-- The records follows --
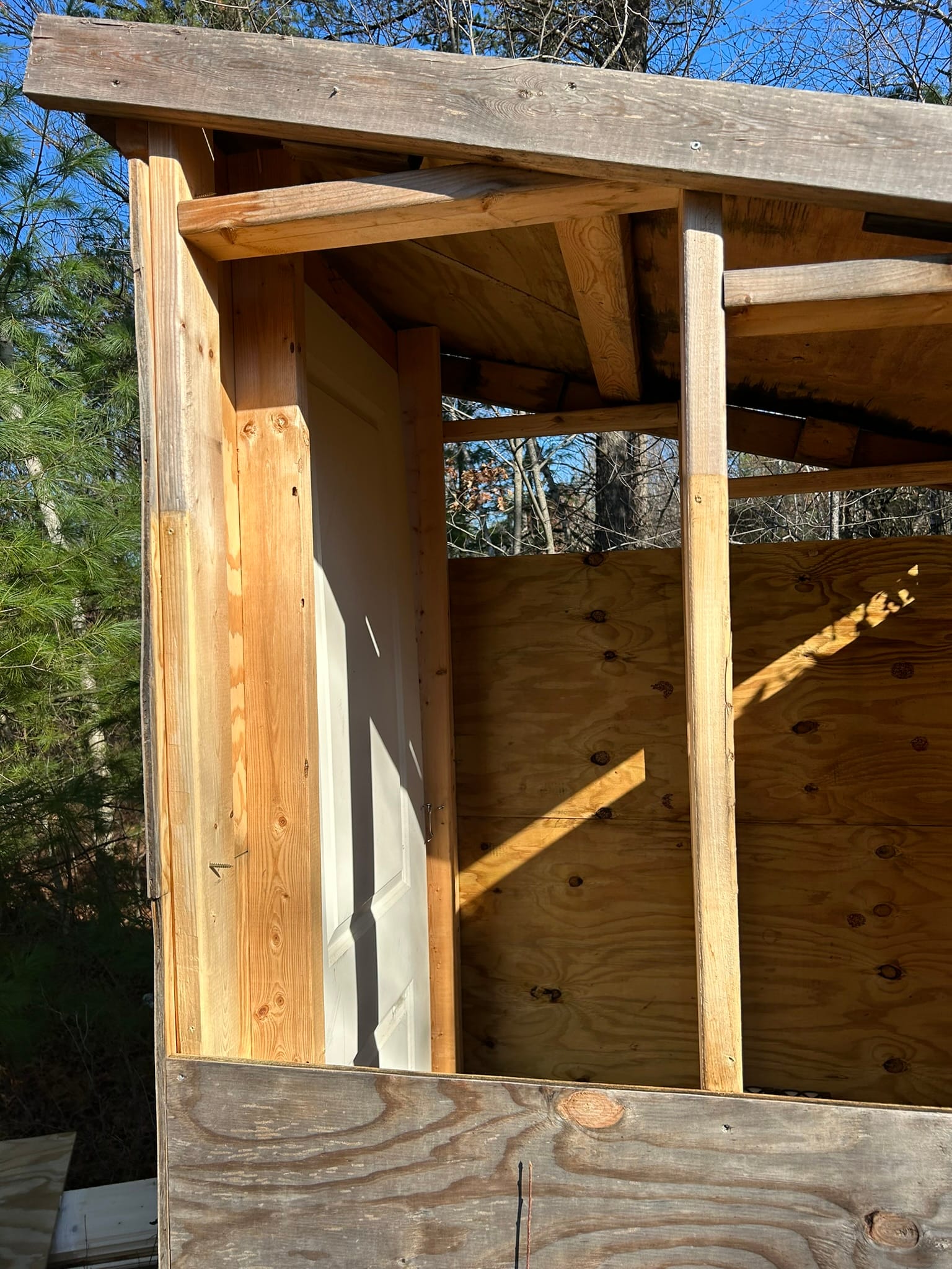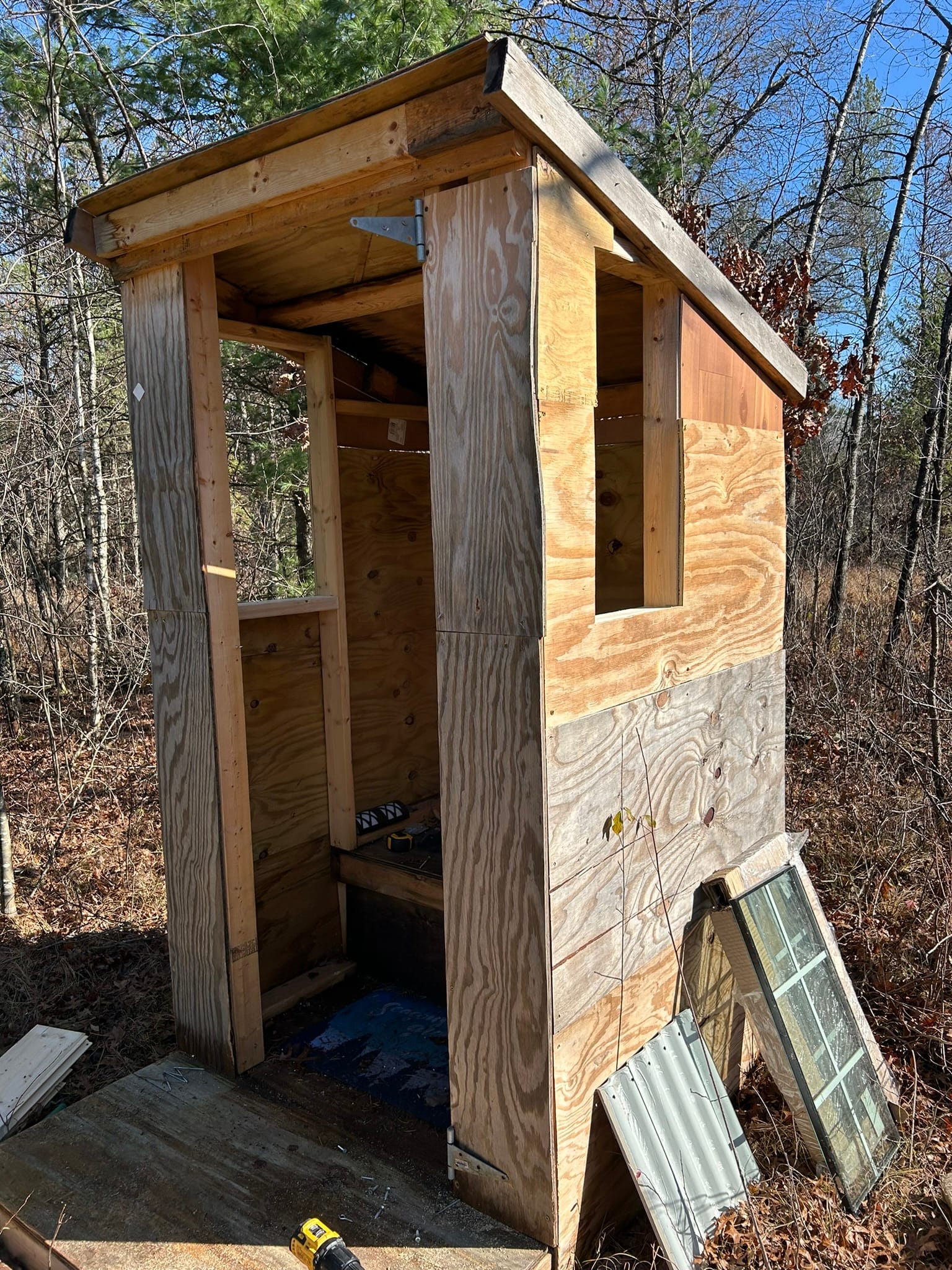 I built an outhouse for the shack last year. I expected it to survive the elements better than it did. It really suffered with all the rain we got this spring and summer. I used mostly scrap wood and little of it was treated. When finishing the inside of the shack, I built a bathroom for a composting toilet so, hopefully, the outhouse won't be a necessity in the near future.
-- The records concluded --
-- The records follows --
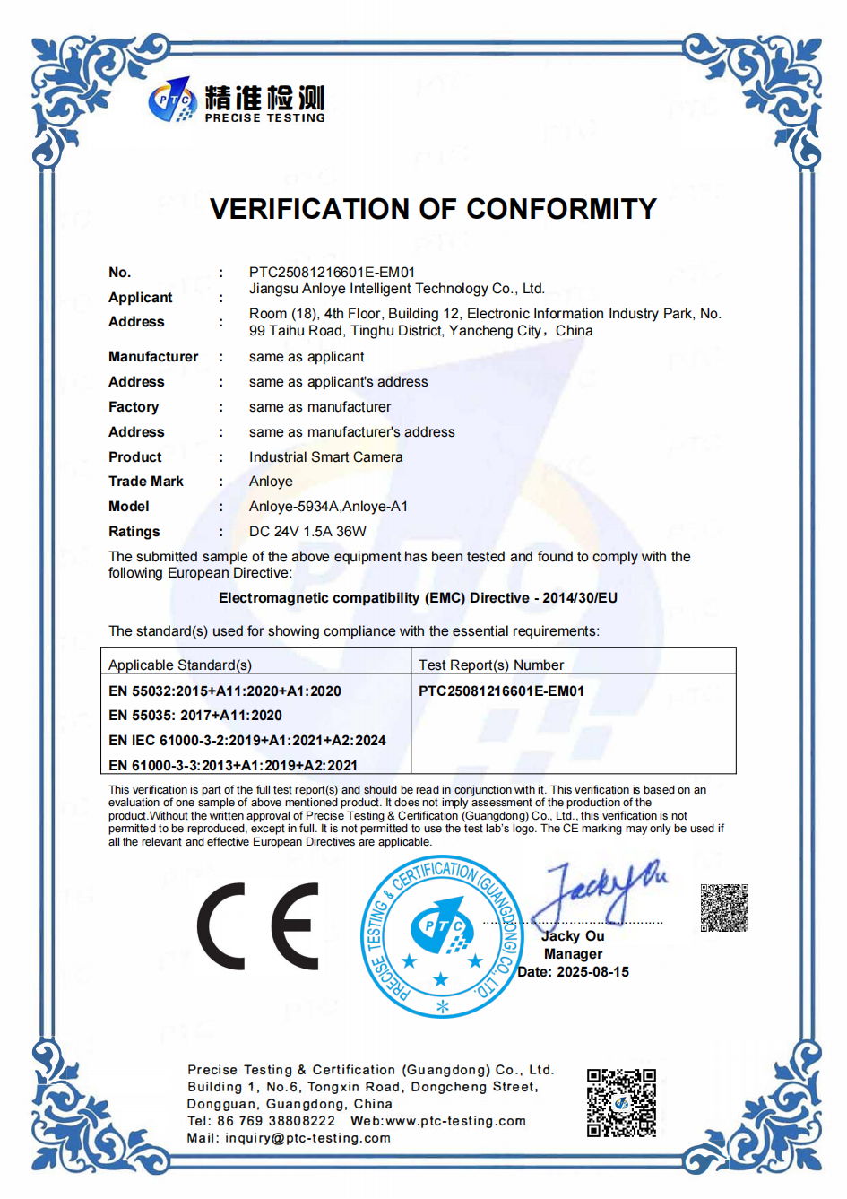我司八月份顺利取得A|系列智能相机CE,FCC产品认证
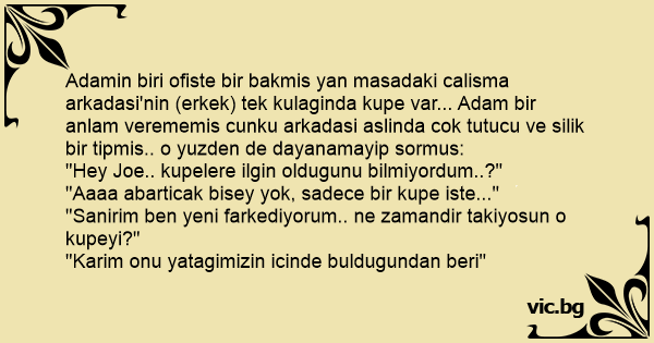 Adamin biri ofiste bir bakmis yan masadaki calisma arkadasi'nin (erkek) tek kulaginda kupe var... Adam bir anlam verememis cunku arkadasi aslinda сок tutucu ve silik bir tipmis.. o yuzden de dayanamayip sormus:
-- The records concluded --
Exercise: Please copy out from the data above, without any picture, exactly the lines running from the one that holds "我司八月份顺利取得A|系列智能相机CE,FCC产品认证" through the one that holds "Adamin biri ofiste", and nothing beyond them.

Result:
我司八月份顺利取得A|系列智能相机CE,FCC产品认证
 Adamin biri ofiste bir bakmis yan masadaki calisma arkadasi'nin (erkek) tek kulaginda kupe var... Adam bir anlam verememis cunku arkadasi aslinda сок tutucu ve silik bir tipmis.. o yuzden de dayanamayip sormus:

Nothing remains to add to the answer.